## [Material provided]
-*-*-

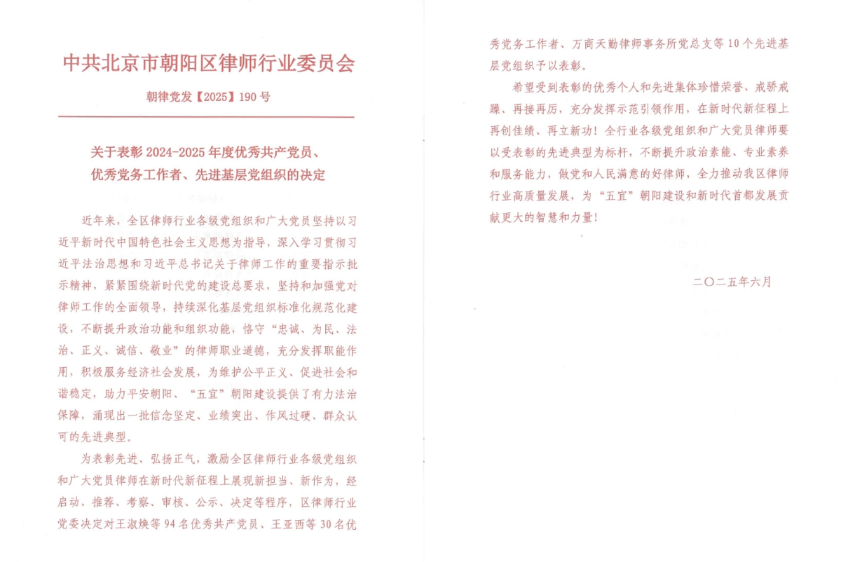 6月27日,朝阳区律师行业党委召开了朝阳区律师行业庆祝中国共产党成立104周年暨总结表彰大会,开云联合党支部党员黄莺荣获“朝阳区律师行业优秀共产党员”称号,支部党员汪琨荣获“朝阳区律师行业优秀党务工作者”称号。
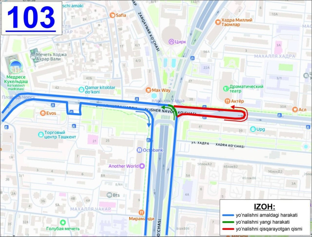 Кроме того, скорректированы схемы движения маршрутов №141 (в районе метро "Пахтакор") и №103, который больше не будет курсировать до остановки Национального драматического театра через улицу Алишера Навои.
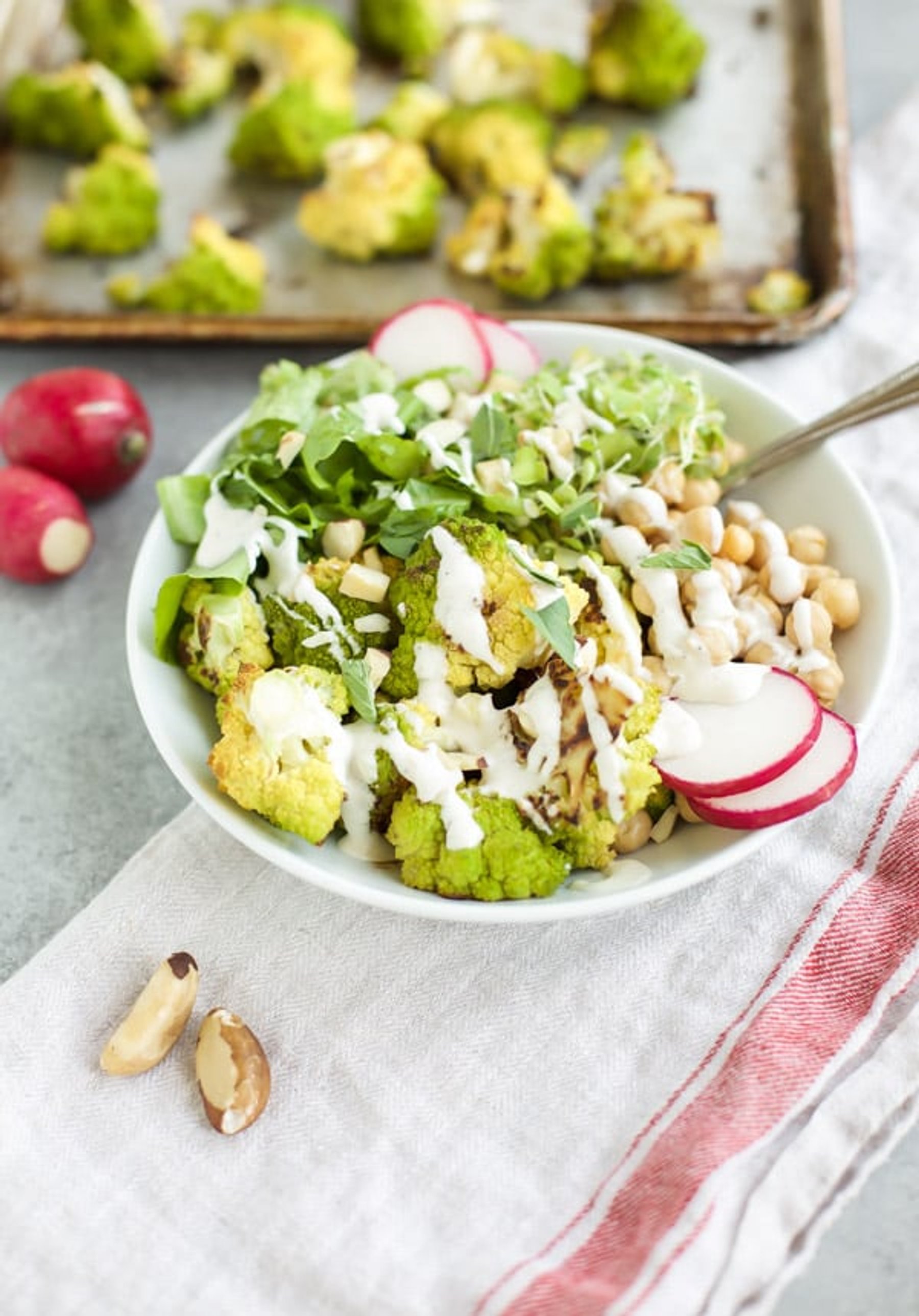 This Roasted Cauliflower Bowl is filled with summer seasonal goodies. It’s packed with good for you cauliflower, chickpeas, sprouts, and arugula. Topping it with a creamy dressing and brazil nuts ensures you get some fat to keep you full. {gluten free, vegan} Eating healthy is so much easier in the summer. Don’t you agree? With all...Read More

-*-*-

Line by line, write out the material exactly, leaving the images out.

 6月27日,朝阳区律师行业党委召开了朝阳区律师行业庆祝中国共产党成立104周年暨总结表彰大会,开云联合党支部党员黄莺荣获“朝阳区律师行业优秀共产党员”称号,支部党员汪琨荣获“朝阳区律师行业优秀党务工作者”称号。
 Кроме того, скорректированы схемы движения маршрутов №141 (в районе метро "Пахтакор") и №103, который больше не будет курсировать до остановки Национального драматического театра через улицу Алишера Навои.
 This Roasted Cauliflower Bowl is filled with summer seasonal goodies. It’s packed with good for you cauliflower, chickpeas, sprouts, and arugula. Topping it with a creamy dressing and brazil nuts ensures you get some fat to keep you full. {gluten free, vegan} Eating healthy is so much easier in the summer. Don’t you agree? With all...Read More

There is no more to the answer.